╔══

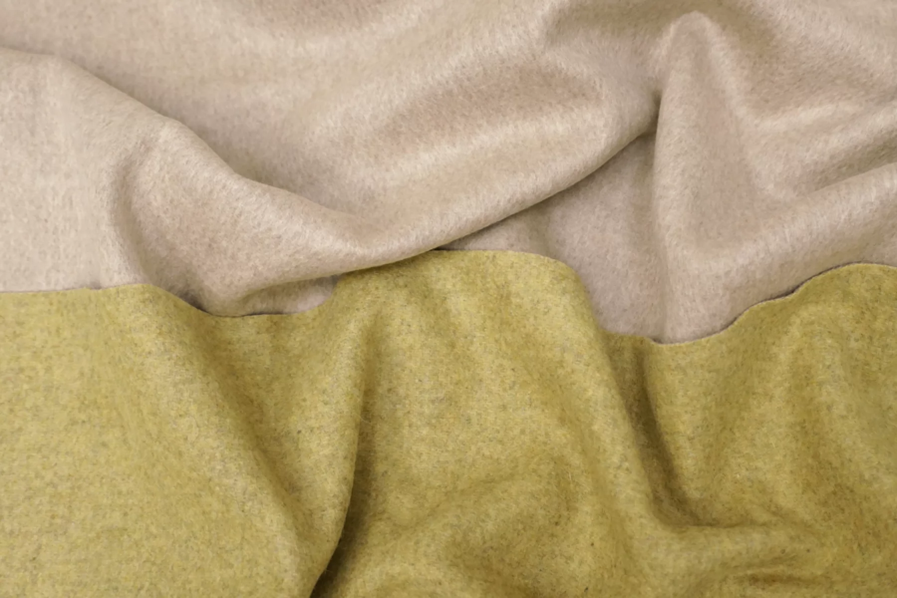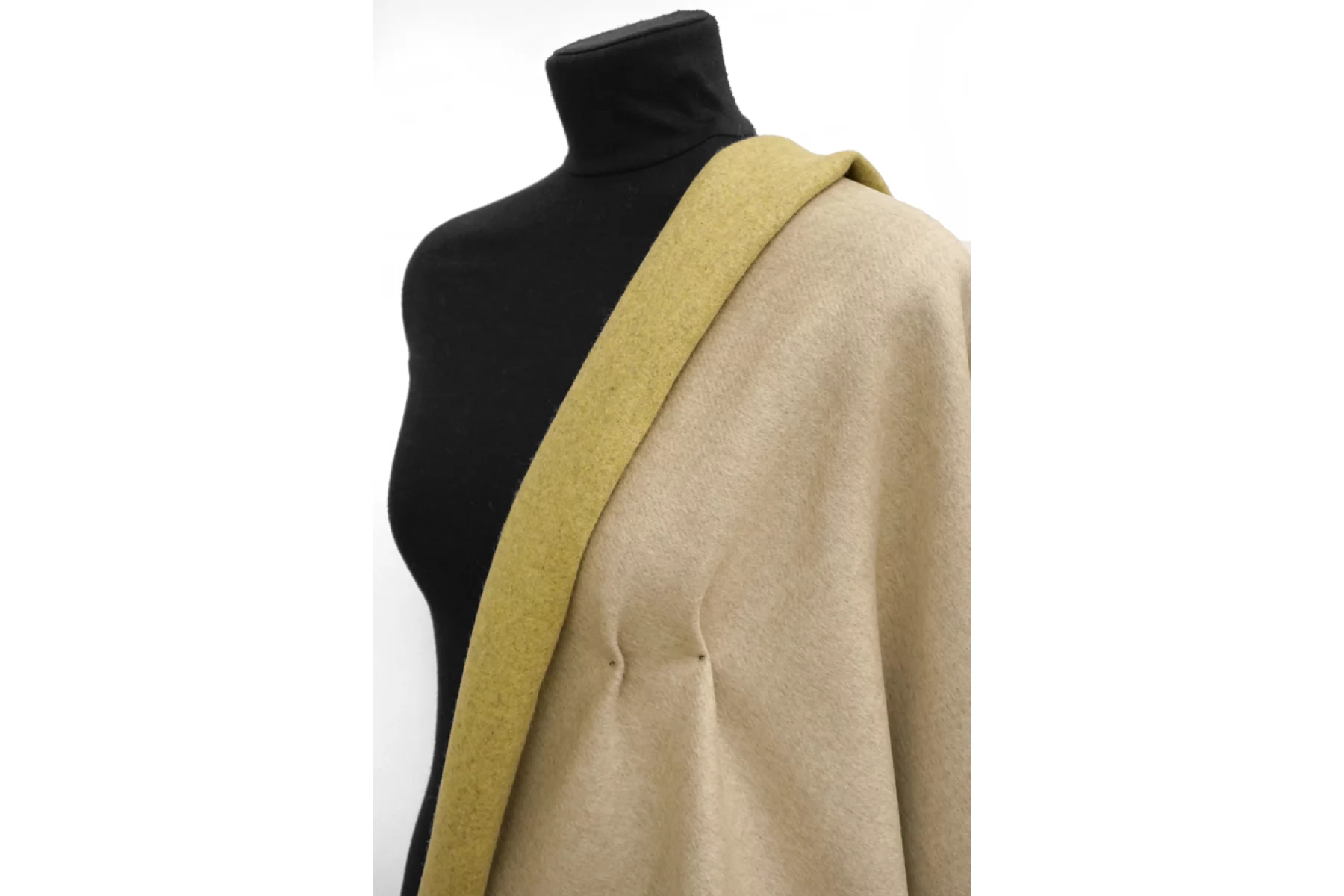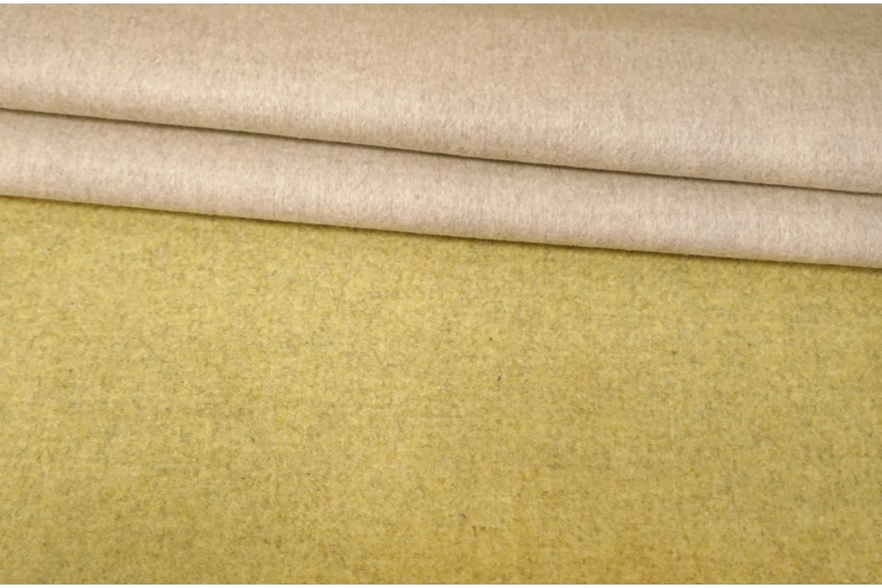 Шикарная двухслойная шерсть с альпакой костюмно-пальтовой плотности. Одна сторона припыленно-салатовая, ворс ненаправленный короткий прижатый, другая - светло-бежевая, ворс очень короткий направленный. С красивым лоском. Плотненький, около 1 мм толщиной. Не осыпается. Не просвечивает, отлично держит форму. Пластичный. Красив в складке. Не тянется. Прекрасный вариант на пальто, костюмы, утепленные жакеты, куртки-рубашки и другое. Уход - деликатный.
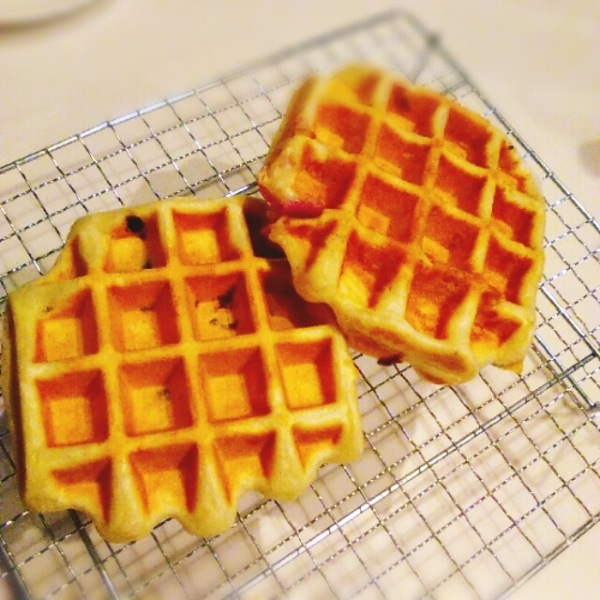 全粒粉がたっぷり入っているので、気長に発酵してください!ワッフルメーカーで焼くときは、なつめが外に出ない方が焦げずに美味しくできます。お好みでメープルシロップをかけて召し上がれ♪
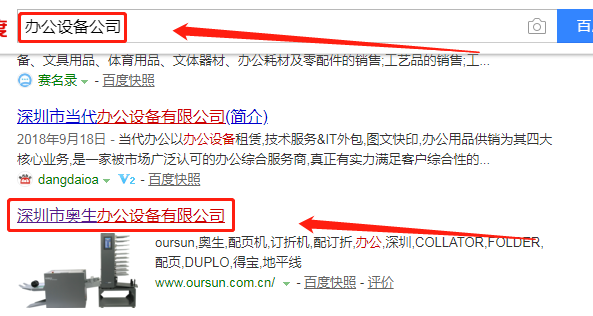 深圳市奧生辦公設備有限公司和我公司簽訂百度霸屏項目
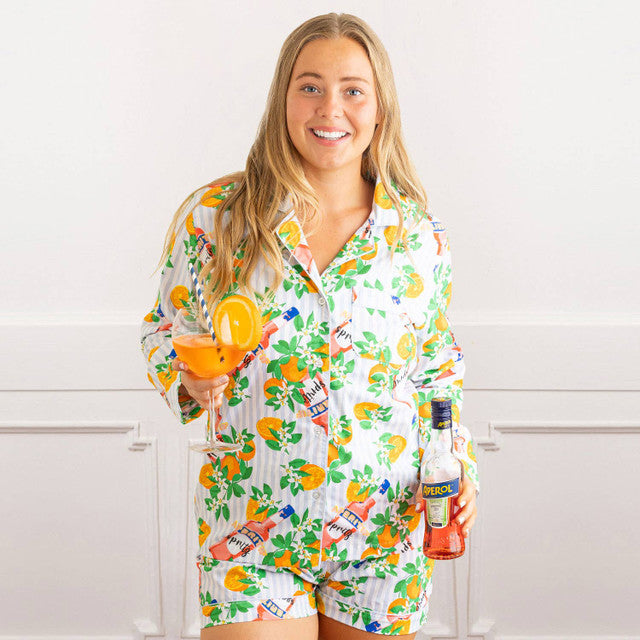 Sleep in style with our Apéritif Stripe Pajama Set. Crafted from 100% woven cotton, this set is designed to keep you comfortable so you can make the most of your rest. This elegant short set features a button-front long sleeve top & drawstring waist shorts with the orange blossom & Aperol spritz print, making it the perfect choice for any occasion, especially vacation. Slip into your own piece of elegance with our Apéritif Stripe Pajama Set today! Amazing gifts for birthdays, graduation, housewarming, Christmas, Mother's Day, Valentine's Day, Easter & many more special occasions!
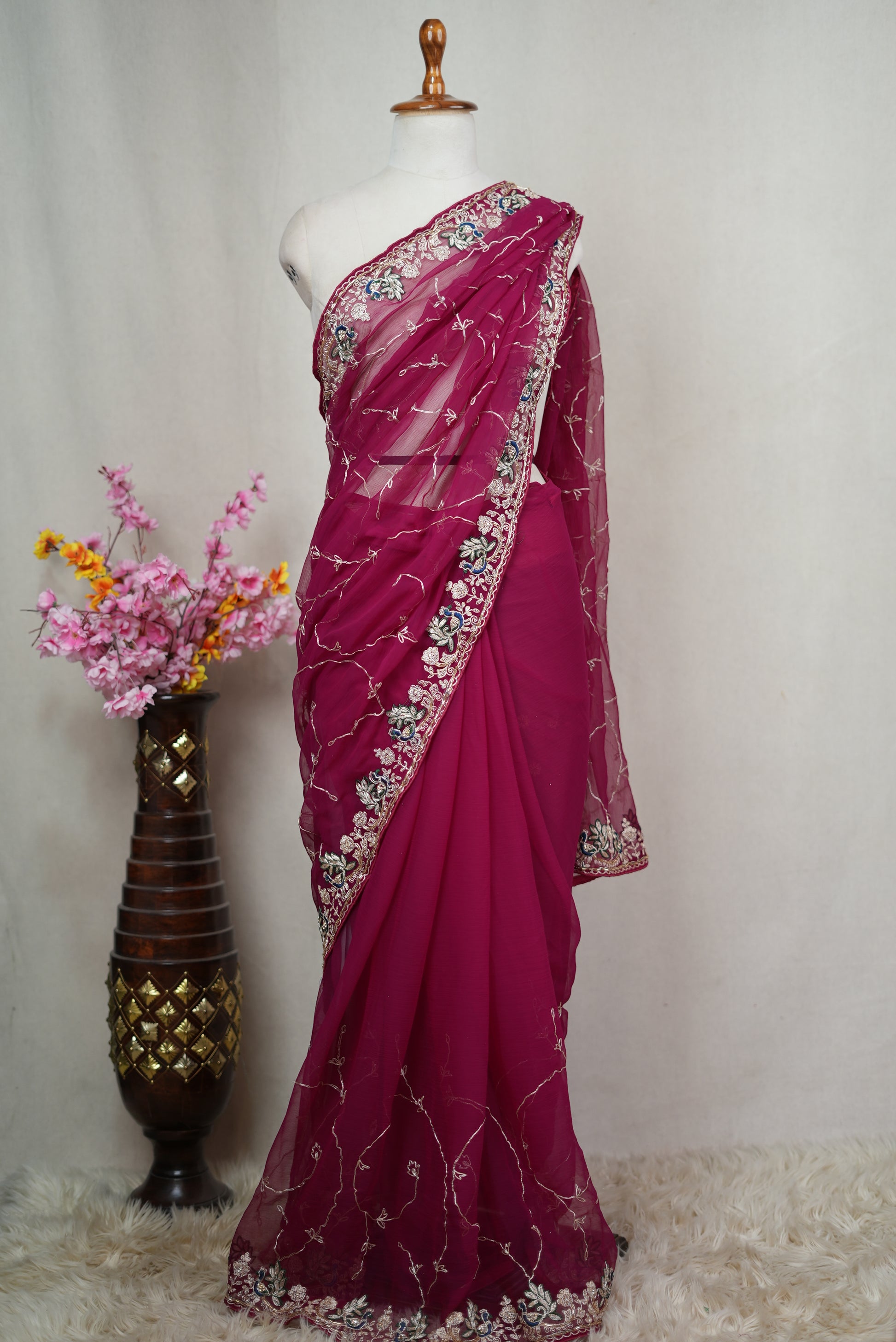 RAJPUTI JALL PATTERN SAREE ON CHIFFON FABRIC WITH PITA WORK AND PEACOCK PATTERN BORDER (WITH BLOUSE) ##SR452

╚══

Work order
Please copy the records above word for word, leaving out every picture.

Reply to the exercise
 Шикарная двухслойная шерсть с альпакой костюмно-пальтовой плотности. Одна сторона припыленно-салатовая, ворс ненаправленный короткий прижатый, другая - светло-бежевая, ворс очень короткий направленный. С красивым лоском. Плотненький, около 1 мм толщиной. Не осыпается. Не просвечивает, отлично держит форму. Пластичный. Красив в складке. Не тянется. Прекрасный вариант на пальто, костюмы, утепленные жакеты, куртки-рубашки и другое. Уход - деликатный.
 全粒粉がたっぷり入っているので、気長に発酵してください!ワッフルメーカーで焼くときは、なつめが外に出ない方が焦げずに美味しくできます。お好みでメープルシロップをかけて召し上がれ♪
 深圳市奧生辦公設備有限公司和我公司簽訂百度霸屏項目
 Sleep in style with our Apéritif Stripe Pajama Set. Crafted from 100% woven cotton, this set is designed to keep you comfortable so you can make the most of your rest. This elegant short set features a button-front long sleeve top & drawstring waist shorts with the orange blossom & Aperol spritz print, making it the perfect choice for any occasion, especially vacation. Slip into your own piece of elegance with our Apéritif Stripe Pajama Set today! Amazing gifts for birthdays, graduation, housewarming, Christmas, Mother's Day, Valentine's Day, Easter & many more special occasions!
 RAJPUTI JALL PATTERN SAREE ON CHIFFON FABRIC WITH PITA WORK AND PEACOCK PATTERN BORDER (WITH BLOUSE) ##SR452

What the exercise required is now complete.